The response includes the latest version of the driver and recommends the coroutine version of the drive, which is recommended for most Kotlin applications.

Given the last-minute-of-a-hackathon context, I didn't get to do a systematic evaluation of the RAG proxy. I'd love to do an evaluation comparing its performance to the base model on a wide variety of MongoDB-related tasks. I think it'd be really interesting to benchmark it against various LLMs on MongoDB-related tasks to see how they compare.

Source Code

You can find the very not clean source code in this pull request - https://github.com/mongodb/chatbot/pull/417/.

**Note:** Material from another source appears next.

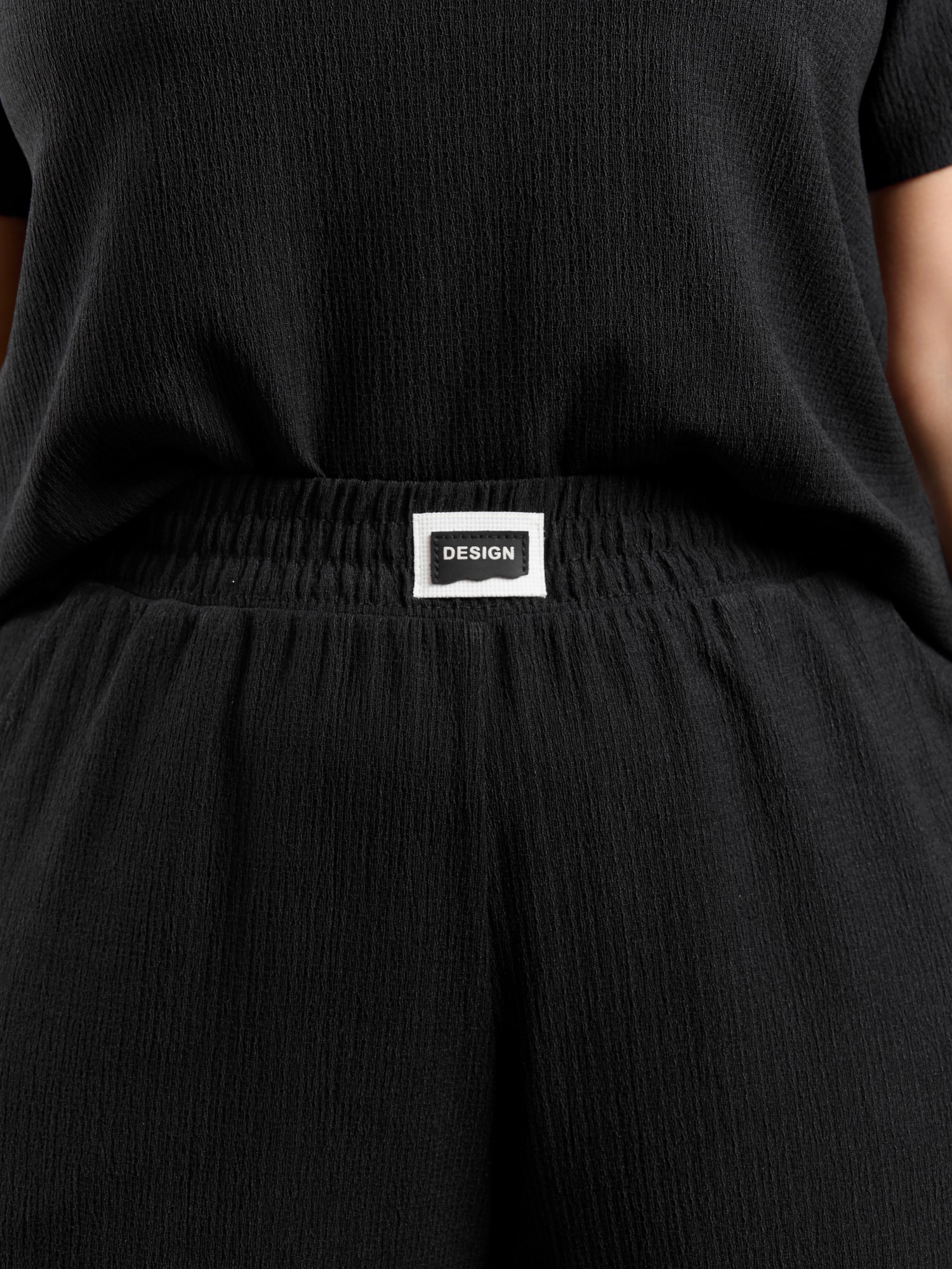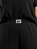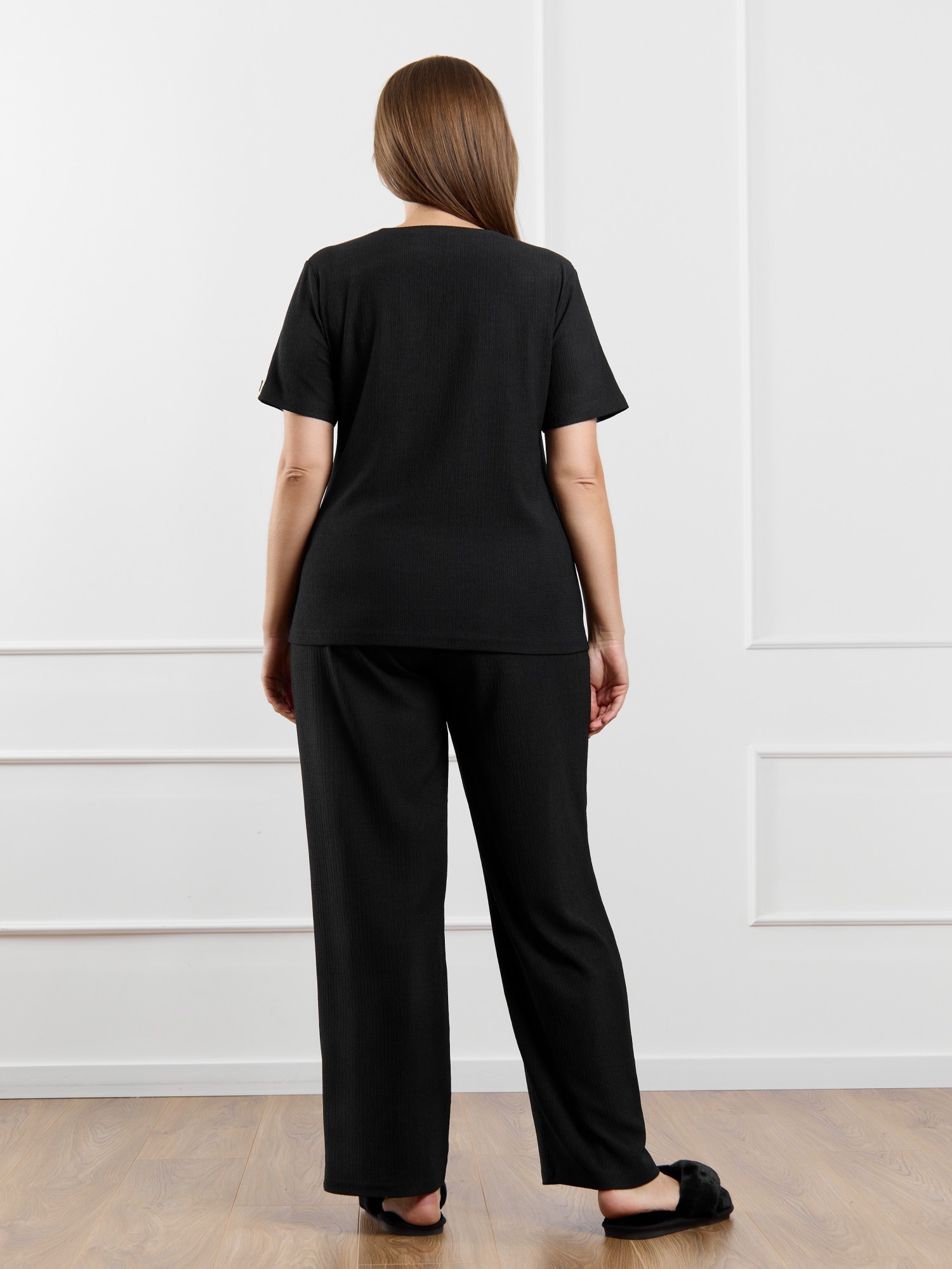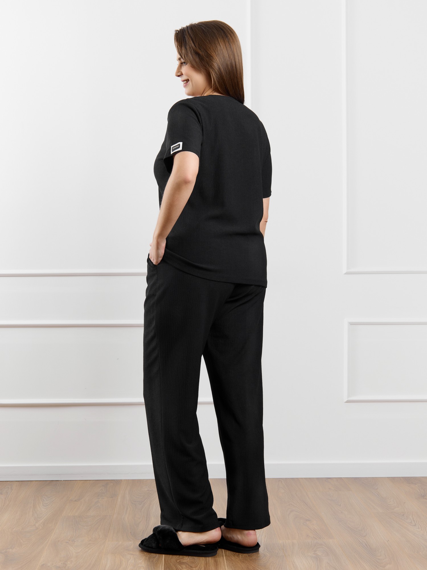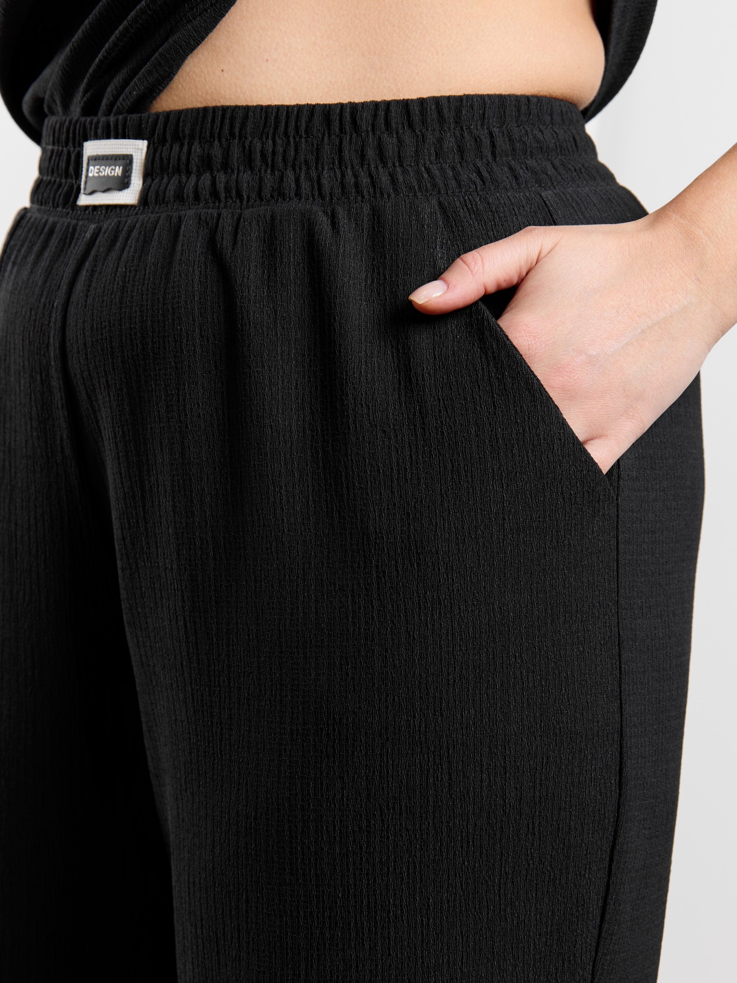 Брюки женские из гладкокрашенного трикотажного полотна «бурумчук», свободного покроя, с карманами в боковых швах, на притачном поясе с эластичной тесьмой внутри.

Advantages and Disadvantages of the RAG Proxy

Here are some initial thoughts on the advantages and disadvantages of the RAG proxy approach.

Advantages:

  • Accuracy: The RAG proxy, like any RAG system, can provide more accurate results than using just an LLM.
  • RAG Centralization: Consumers of a RAG proxy don't need to think about developing their own RAG systems. They can focus on their application-specific needs, like prompt engineering, evaluation, and integration.
  • Fine-tuning alternative: In many respects, a RAG proxy occupies the same role as fine-tuning a model, but without the complexities or overhead that fine-tuning entails.

Disadvantages:

  • Cost: A RAG Proxy can cost more to call than the base model because it uses more tokens given the injection of retrieved context than using a similar base model would.
  • Speed: A RAG Proxy responds more slowly than a base model because it needs to perform retrieval before generating. Plus, the generation uses more input tokens which can create a longer time to the first token on the output.
  • Retrieval-introduced inaccuracies: A RAG Proxy might not retrieve relevant information, yielding a worse response than just calling the base model.

Looking Towards Building AI Systems

We currently have no plans to further develop the RAG proxy. A need for it hasn't emerged. I wouldn't be surprised if that changes sometime in the next year as the number of RAG projects increases. Time will tell.

In any case, it was a fun project and a novel (at least to me) approach to RAG and LLM development.